### Work order
Wherever a picture sits, omit it. Output the rest of the listing exactly.

-- Provided material follows --

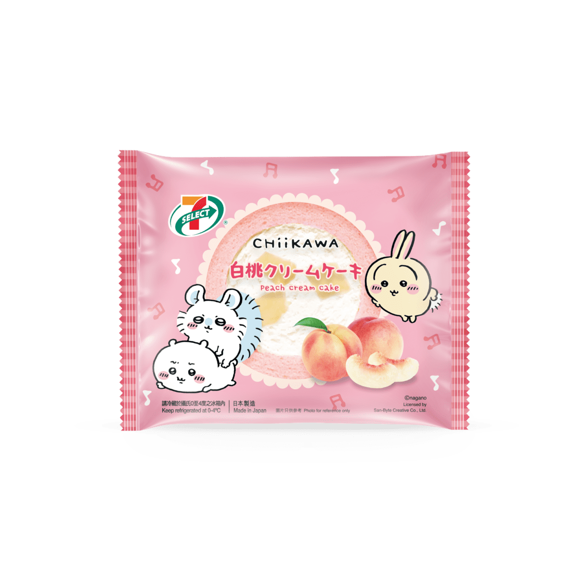 蛋糕內餡加入真實白桃果粒,每一口都能品嚐到清甜果香與細緻口感。配合順滑忌廉,味道清新平衡,包裝印有 CHIIKAWA 人氣角色,視覺與味覺同樣滿足。
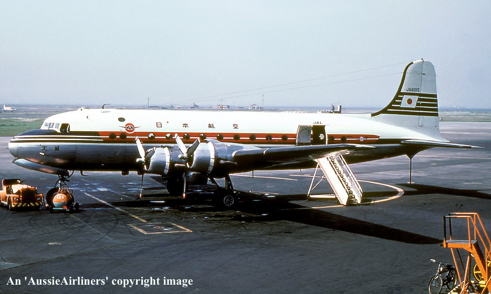 JA-8015. Japan Air Lines - 'Amagi' in the standard livery at Tokyo Airport, October 1963. (R. N. Smith Collection Copyright Image 1125-533.) |
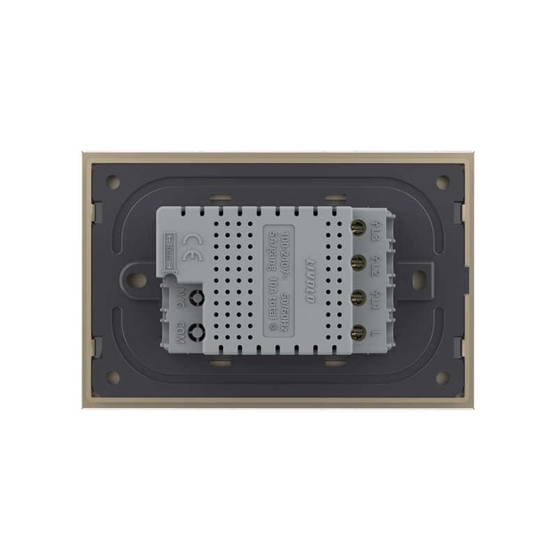 Intrerupator triplu cu touch Livolo din sticla, standard italian, Auriu, VL-FC3-3G-13

-- Provided material concluded --

### Written solution
 蛋糕內餡加入真實白桃果粒,每一口都能品嚐到清甜果香與細緻口感。配合順滑忌廉,味道清新平衡,包裝印有 CHIIKAWA 人氣角色,視覺與味覺同樣滿足。
 JA-8015. Japan Air Lines - 'Amagi' in the standard livery at Tokyo Airport, October 1963. (R. N. Smith Collection Copyright Image 1125-533.) |
 Intrerupator triplu cu touch Livolo din sticla, standard italian, Auriu, VL-FC3-3G-13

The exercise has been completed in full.